Reputation: 149
I'm encountering a stuck in my c++ program using this thread pool class:
class ThreadPool {
unsigned threadCount;
std::vector<std::thread> threads;
std::list<std::function<void(void)> > queue;
std::atomic_int jobs_left;
std::atomic_bool bailout;
std::atomic_bool finished;
std::condition_variable job_available_var;
std::condition_variable wait_var;
std::mutex wait_mutex;
std::mutex queue_mutex;
std::mutex mtx;
void Task() {
while (!bailout) {
next_job()();
--jobs_left;
wait_var.notify_one();
}
}
std::function<void(void)> next_job() {
std::function<void(void)> res;
std::unique_lock<std::mutex> job_lock(queue_mutex);
// Wait for a job if we don't have any.
job_available_var.wait(job_lock, [this]()->bool { return queue.size() || bailout; });
// Get job from the queue
mtx.lock();
if (!bailout) {
res = queue.front();
queue.pop_front();
}else {
// If we're bailing out, 'inject' a job into the queue to keep jobs_left accurate.
res = [] {};
++jobs_left;
}
mtx.unlock();
return res;
}
public:
ThreadPool(int c)
: threadCount(c)
, threads(threadCount)
, jobs_left(0)
, bailout(false)
, finished(false)
{
for (unsigned i = 0; i < threadCount; ++i)
threads[i] = std::move(std::thread([this, i] { this->Task(); }));
}
~ThreadPool() {
JoinAll();
}
void AddJob(std::function<void(void)> job) {
std::lock_guard<std::mutex> lock(queue_mutex);
queue.emplace_back(job);
++jobs_left;
job_available_var.notify_one();
}
void JoinAll(bool WaitForAll = true) {
if (!finished) {
if (WaitForAll) {
WaitAll();
}
// note that we're done, and wake up any thread that's
// waiting for a new job
bailout = true;
job_available_var.notify_all();
for (auto& x : threads)
if (x.joinable())
x.join();
finished = true;
}
}
void WaitAll() {
std::unique_lock<std::mutex> lk(wait_mutex);
if (jobs_left > 0) {
wait_var.wait(lk, [this] { return this->jobs_left == 0; });
}
lk.unlock();
}
};
gdb say (when stopping the blocked execution) that the stuck was in (std::unique_lock&, ThreadPool::WaitAll()::{lambda()#1})+58>
I'm using g++ v5.3.0 with support for c++14 (-std=c++1y)
How can I avoid this problem?
I've edited (rewrote) the class: https://github.com/edoz90/threadpool/blob/master/ThreadPool.h
Upvotes: 1
Views: 1839
Reputation: 8661
The issue here is a race condition on your job count.

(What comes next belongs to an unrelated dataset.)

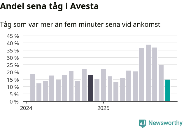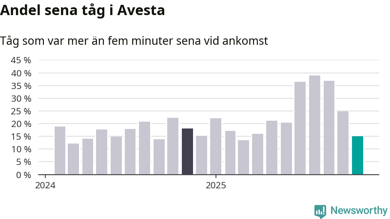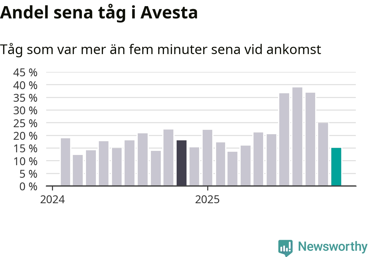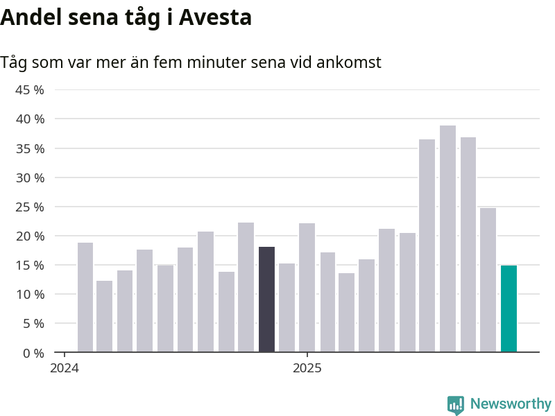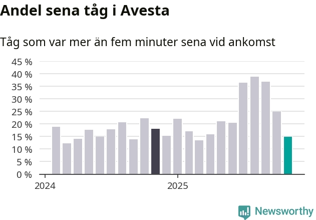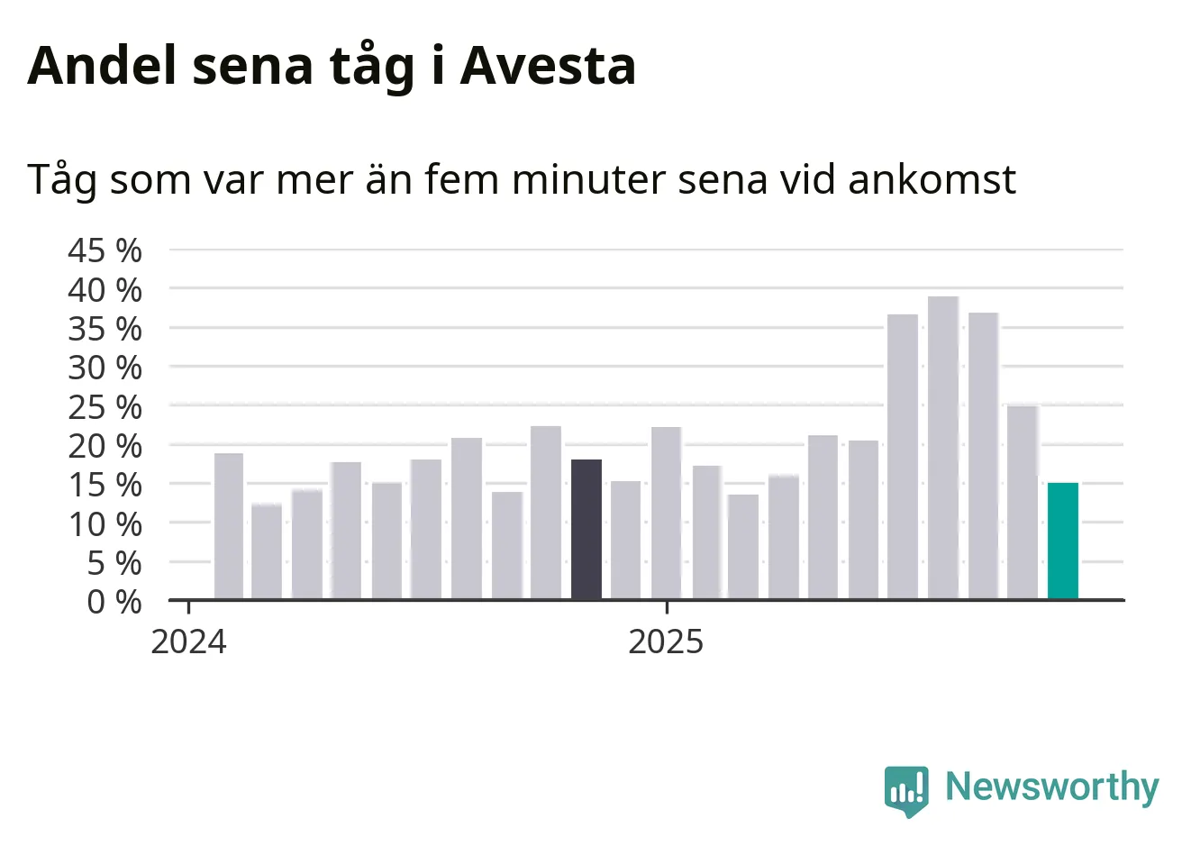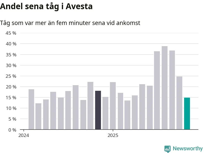 15 procent kan jämföras med 25 procent månaden innan, och 18 procent i november 2024. November är den tredje månaden i rad med minskande förseningar i Avesta. Siffrorna bygger på realtidsinformation om tågavgångar och ankomster från Trafikverket, som Newsworthy löpande samlar in.

You're using one mutex to protect the queue, and another to protect the count, which is semantically equivalent to the queue size. Clearly the second mutex is redundant (and improperly used), as is the job_count
variable itself.
Every method that deals with the queue has to gain exclusive access to it (even JoinAll
to read its size), so you should use the same queue_mutex
in the three bits of code that tamper with it (JoinAll
, AddJob
and next_job
).
Btw, splitting the code at next_job()
is pretty awkward IMO. You would avoid calling a dummy function if you handled the worker thread body in a single function.
EDIT:
As other comments have already stated, you would probably be better off getting your eyes off the code and reconsidering the problem globally for a while.
The only thing you need to protect here is the job queue, so you need only one mutex.

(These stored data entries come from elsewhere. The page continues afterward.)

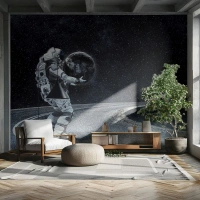 Maßgeschneiderte selbstklebende Fototapete Deluxe Sticker - Auf der Milchstraße - Kosmos, Astronaut, Fantasie
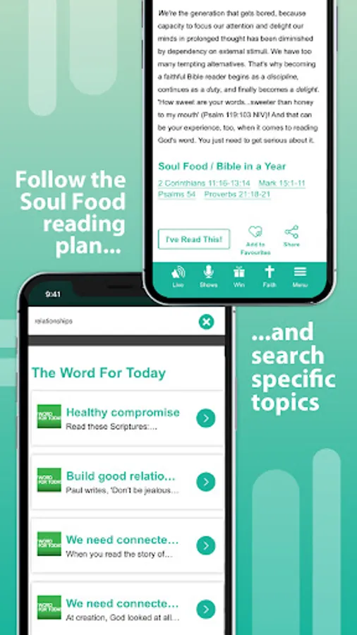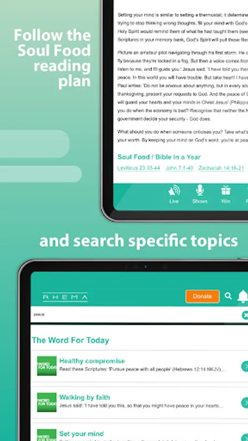 - Devotionals - Get The Word For Today, mark the readings that you’ve read and search by topic
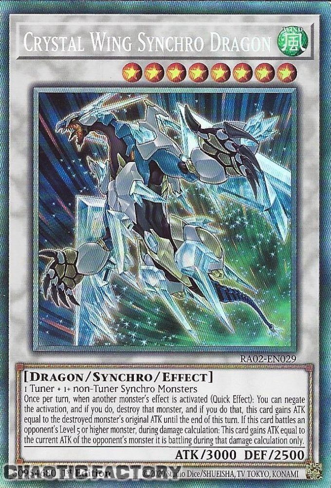 Collector's Rare RA02-EN029 Crystal Wing Synchro Dragon 1st Edition NM YU-GI-Oh! Product details (click to expand) Condtion Details NM Mint or Near mint LP Light Played, minor scatch or edge wear HP Heavy Played; very visible damages NOTE Refer to ebay's condition guide for further details Specifications (click to expand) SKU RA02-EN029-CR Model # Barcode # Brand YU-GI-Oh! Artist / Author Shipping Weight 0.0200kg Shipping Width 0.000m Shipping Height 0.000m Shipping Length 0.000m Shipping Cubic 0.000000000m3 Unit Of Measure ea Assembled Length 0.000m Assembled Height 0.000m Assembled Width 0.000m Type Format Delivery & Turn Around time (click to expand) Packing We always pack with toploader & soft sleeves Postage Method - Doemstic Standard Untracked Untrack letter post, delivery within 15 business days Domestic Tracked Tracked letter post, delivery within 15 business days with tracking Express Post Express Post; delivery after 2 to 3 business days after dispatch using AUSPOST's express network, exclusion applies; check auspost's website for details Turn Around time Dispatch 2 to 3 business days; which mean EXCLUDE WEEKEND © 2025 Chaotic Factory

Then there is the problem of waking up the various actors, which requires a condition variable since C++ basically does not give you any other useable synchronization object.

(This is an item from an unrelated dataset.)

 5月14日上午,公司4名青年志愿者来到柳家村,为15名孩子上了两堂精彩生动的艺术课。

Here again you don't need more than one variable. Terminating the thread pool is equivalent to dequeueing the jobs without executing them, which can be done any which way, be it in the worker threads themselves (skipping execution if the termination flag is set) or in the JoinAll
function (clearing the queue after gaining exclusive access).
Last but not least, you might want to invalidate AddJob
once someone decided to close the pool, or else you could get stuck in the destructor while someone keeps feeding in new jobs.
Upvotes: 1
Reputation: 1940
I think you need to keep it simple.
you seem to be using a mutex too many. So there's queue_mutex
and you use that when you add and process jobs.
Now what's the need for another separate mutex when you are waiting on reading the queue?
Why can't you use just a conditional variable with the same queue_mutex
to read the queue in your WaitAll()
method?
I would also recommend using a lock_guard
instead of the unique_lock
in your WaitAll
. There really isn't a need to lock the queue_mutex
beyond the WaitAll
under exceptional conditions. If you exit the WaitAll
exceptionally it should be released regardless.
Ignore my Update above. Since you are using a condition variable you can't use a lock guard in the WaitAll
. But if you are using a unique_lock
always go with the try_to_lock
version especially if you have more than a couple control paths
Upvotes: 1